*EXERCISE:*
From the first line to the last, restate the data exactly, leaving out the images.

*AVAILABLE DATA:*
'''

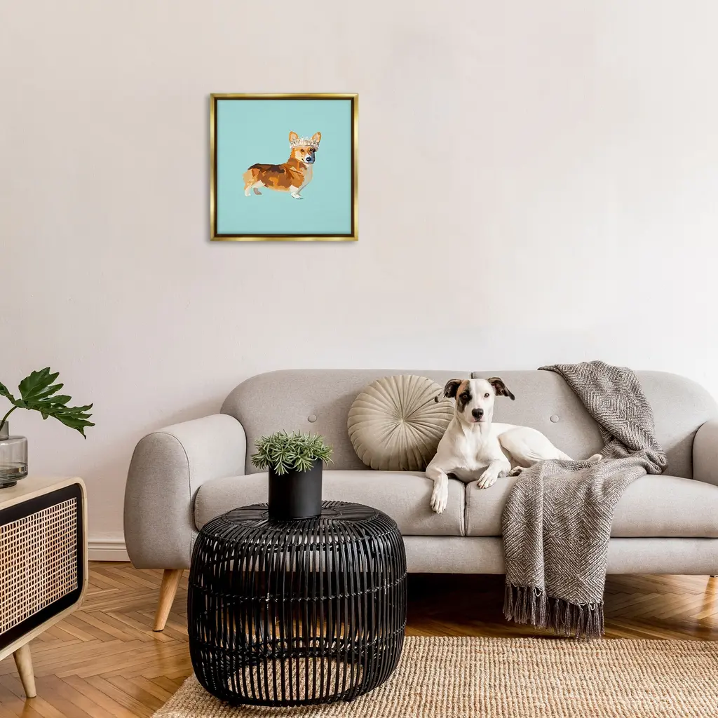 Elevate your home or office to the next level with Stupell Framed Floating Canvas Wall Art. Our premium hand-stretched canvas is mounted securely into a sturdy lightweight frame. The museum-style gap between the wrapped canvas and the box frame gives the illusion of floating artwork. Stupell Wall Art is made in the USA.Features: Dimensions: 18 x 1.7 x 18 Frame, 17 x 1.5 x 17 Canvas ArtFloating Frame Canvas Products are available in sizes 18"x18" and 25"x25". All Floating Frame Canvas Products have a 1.7" Depth.Wall Art is Ready to Hang with Hardware Free Hanging. No Installation required. For Easy Set Up Lean or Layer Artwork on Shelf or Against Wall. Artwork is Permently Fixed into the Frame.Our elevated 1.7" Thick Floating Frame is the perfect complement to our canvas style Wall Art. We use only the highest quality inks in house with industry leading printing solutions. Canvas is hand stretched over a durable wood foundation and then mounted securly into a Modern Box Frame. Made in the USA.Artwork Relates To: Animal, Canine, Dog, Mammal, Pet, Puppy, Tiara, Crown, Princess, CorgiDesign by Amelia Noyes
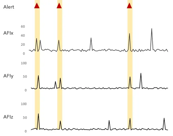 Following figures shows an example of the response time of 3 APIs, and how an alert gets generated only then all 3 APIs demonstrate a high response time.
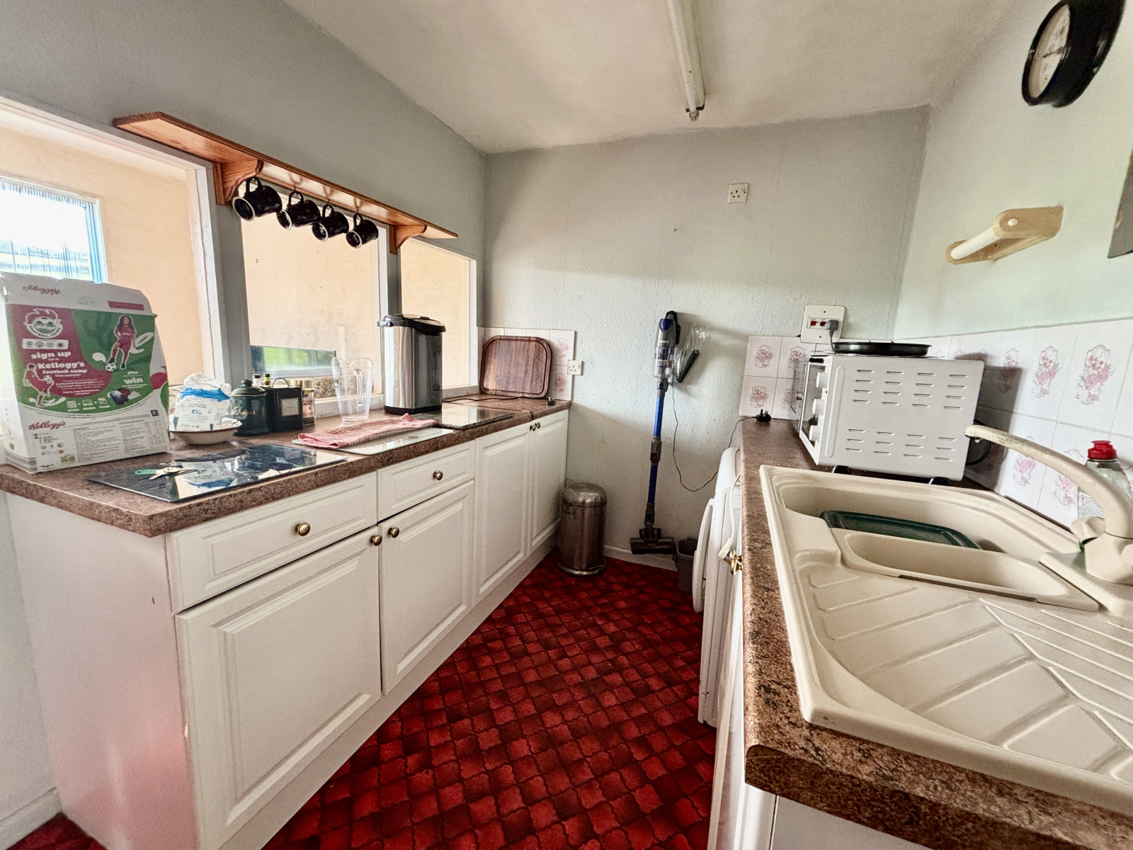 Base units with worksurfaces over, 1 1/2 bowl sink unit, plumbing for washing machine, hot water heater, glazed window overlooking lounge.

'''

*SOLUTION FOR THIS PROBLEM:*
 Elevate your home or office to the next level with Stupell Framed Floating Canvas Wall Art. Our premium hand-stretched canvas is mounted securely into a sturdy lightweight frame. The museum-style gap between the wrapped canvas and the box frame gives the illusion of floating artwork. Stupell Wall Art is made in the USA.Features: Dimensions: 18 x 1.7 x 18 Frame, 17 x 1.5 x 17 Canvas ArtFloating Frame Canvas Products are available in sizes 18"x18" and 25"x25". All Floating Frame Canvas Products have a 1.7" Depth.Wall Art is Ready to Hang with Hardware Free Hanging. No Installation required. For Easy Set Up Lean or Layer Artwork on Shelf or Against Wall. Artwork is Permently Fixed into the Frame.Our elevated 1.7" Thick Floating Frame is the perfect complement to our canvas style Wall Art. We use only the highest quality inks in house with industry leading printing solutions. Canvas is hand stretched over a durable wood foundation and then mounted securly into a Modern Box Frame. Made in the USA.Artwork Relates To: Animal, Canine, Dog, Mammal, Pet, Puppy, Tiara, Crown, Princess, CorgiDesign by Amelia Noyes
 Following figures shows an example of the response time of 3 APIs, and how an alert gets generated only then all 3 APIs demonstrate a high response time.
 Base units with worksurfaces over, 1 1/2 bowl sink unit, plumbing for washing machine, hot water heater, glazed window overlooking lounge.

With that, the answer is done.